* **EXERCISE INSTRUCTIONS**
The response should be a faithful copy of every record, with nothing left out.

(EXTRACTED ENTRIES Opens)

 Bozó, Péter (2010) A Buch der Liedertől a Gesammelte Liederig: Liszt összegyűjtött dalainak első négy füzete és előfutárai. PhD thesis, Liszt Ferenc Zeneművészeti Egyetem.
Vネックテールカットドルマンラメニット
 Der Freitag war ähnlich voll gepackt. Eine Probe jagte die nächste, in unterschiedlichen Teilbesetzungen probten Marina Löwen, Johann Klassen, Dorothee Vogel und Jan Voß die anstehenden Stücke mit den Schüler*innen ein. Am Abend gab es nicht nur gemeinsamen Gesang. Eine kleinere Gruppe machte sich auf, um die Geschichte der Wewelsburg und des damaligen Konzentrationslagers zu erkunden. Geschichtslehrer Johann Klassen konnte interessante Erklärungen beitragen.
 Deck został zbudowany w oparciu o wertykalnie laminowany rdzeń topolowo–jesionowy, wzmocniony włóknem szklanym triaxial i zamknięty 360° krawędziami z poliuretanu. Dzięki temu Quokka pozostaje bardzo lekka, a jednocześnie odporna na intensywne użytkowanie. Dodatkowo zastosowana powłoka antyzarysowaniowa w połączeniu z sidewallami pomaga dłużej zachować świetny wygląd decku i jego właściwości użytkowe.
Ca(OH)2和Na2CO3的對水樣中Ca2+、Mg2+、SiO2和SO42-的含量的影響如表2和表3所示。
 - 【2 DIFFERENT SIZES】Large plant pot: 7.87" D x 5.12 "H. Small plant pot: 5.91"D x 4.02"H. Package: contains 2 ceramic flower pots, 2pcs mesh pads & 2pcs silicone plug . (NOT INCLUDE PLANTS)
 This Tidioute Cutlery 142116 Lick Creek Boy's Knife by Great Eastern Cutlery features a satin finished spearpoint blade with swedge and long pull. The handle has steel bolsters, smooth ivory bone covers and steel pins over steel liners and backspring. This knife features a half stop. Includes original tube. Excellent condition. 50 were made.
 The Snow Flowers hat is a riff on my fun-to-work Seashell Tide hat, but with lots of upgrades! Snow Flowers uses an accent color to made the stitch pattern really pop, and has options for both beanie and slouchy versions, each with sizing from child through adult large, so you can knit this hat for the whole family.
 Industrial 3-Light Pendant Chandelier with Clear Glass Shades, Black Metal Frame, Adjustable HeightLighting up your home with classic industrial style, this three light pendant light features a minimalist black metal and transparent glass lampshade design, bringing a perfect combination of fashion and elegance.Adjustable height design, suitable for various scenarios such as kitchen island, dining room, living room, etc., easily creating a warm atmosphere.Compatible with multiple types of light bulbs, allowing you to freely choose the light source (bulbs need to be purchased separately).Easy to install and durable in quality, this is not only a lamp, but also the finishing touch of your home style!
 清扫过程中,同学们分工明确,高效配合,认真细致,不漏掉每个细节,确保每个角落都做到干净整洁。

(EXTRACTED ENTRIES Closes)

* **FINISHED EXERCISE**
 Bozó, Péter (2010) A Buch der Liedertől a Gesammelte Liederig: Liszt összegyűjtött dalainak első négy füzete és előfutárai. PhD thesis, Liszt Ferenc Zeneművészeti Egyetem.
Vネックテールカットドルマンラメニット
 Der Freitag war ähnlich voll gepackt. Eine Probe jagte die nächste, in unterschiedlichen Teilbesetzungen probten Marina Löwen, Johann Klassen, Dorothee Vogel und Jan Voß die anstehenden Stücke mit den Schüler*innen ein. Am Abend gab es nicht nur gemeinsamen Gesang. Eine kleinere Gruppe machte sich auf, um die Geschichte der Wewelsburg und des damaligen Konzentrationslagers zu erkunden. Geschichtslehrer Johann Klassen konnte interessante Erklärungen beitragen.
 Deck został zbudowany w oparciu o wertykalnie laminowany rdzeń topolowo–jesionowy, wzmocniony włóknem szklanym triaxial i zamknięty 360° krawędziami z poliuretanu. Dzięki temu Quokka pozostaje bardzo lekka, a jednocześnie odporna na intensywne użytkowanie. Dodatkowo zastosowana powłoka antyzarysowaniowa w połączeniu z sidewallami pomaga dłużej zachować świetny wygląd decku i jego właściwości użytkowe.
Ca(OH)2和Na2CO3的對水樣中Ca2+、Mg2+、SiO2和SO42-的含量的影響如表2和表3所示。
 - 【2 DIFFERENT SIZES】Large plant pot: 7.87" D x 5.12 "H. Small plant pot: 5.91"D x 4.02"H. Package: contains 2 ceramic flower pots, 2pcs mesh pads & 2pcs silicone plug . (NOT INCLUDE PLANTS)
 This Tidioute Cutlery 142116 Lick Creek Boy's Knife by Great Eastern Cutlery features a satin finished spearpoint blade with swedge and long pull. The handle has steel bolsters, smooth ivory bone covers and steel pins over steel liners and backspring. This knife features a half stop. Includes original tube. Excellent condition. 50 were made.
 The Snow Flowers hat is a riff on my fun-to-work Seashell Tide hat, but with lots of upgrades! Snow Flowers uses an accent color to made the stitch pattern really pop, and has options for both beanie and slouchy versions, each with sizing from child through adult large, so you can knit this hat for the whole family.
 Industrial 3-Light Pendant Chandelier with Clear Glass Shades, Black Metal Frame, Adjustable HeightLighting up your home with classic industrial style, this three light pendant light features a minimalist black metal and transparent glass lampshade design, bringing a perfect combination of fashion and elegance.Adjustable height design, suitable for various scenarios such as kitchen island, dining room, living room, etc., easily creating a warm atmosphere.Compatible with multiple types of light bulbs, allowing you to freely choose the light source (bulbs need to be purchased separately).Easy to install and durable in quality, this is not only a lamp, but also the finishing touch of your home style!
 清扫过程中,同学们分工明确,高效配合,认真细致,不漏掉每个细节,确保每个角落都做到干净整洁。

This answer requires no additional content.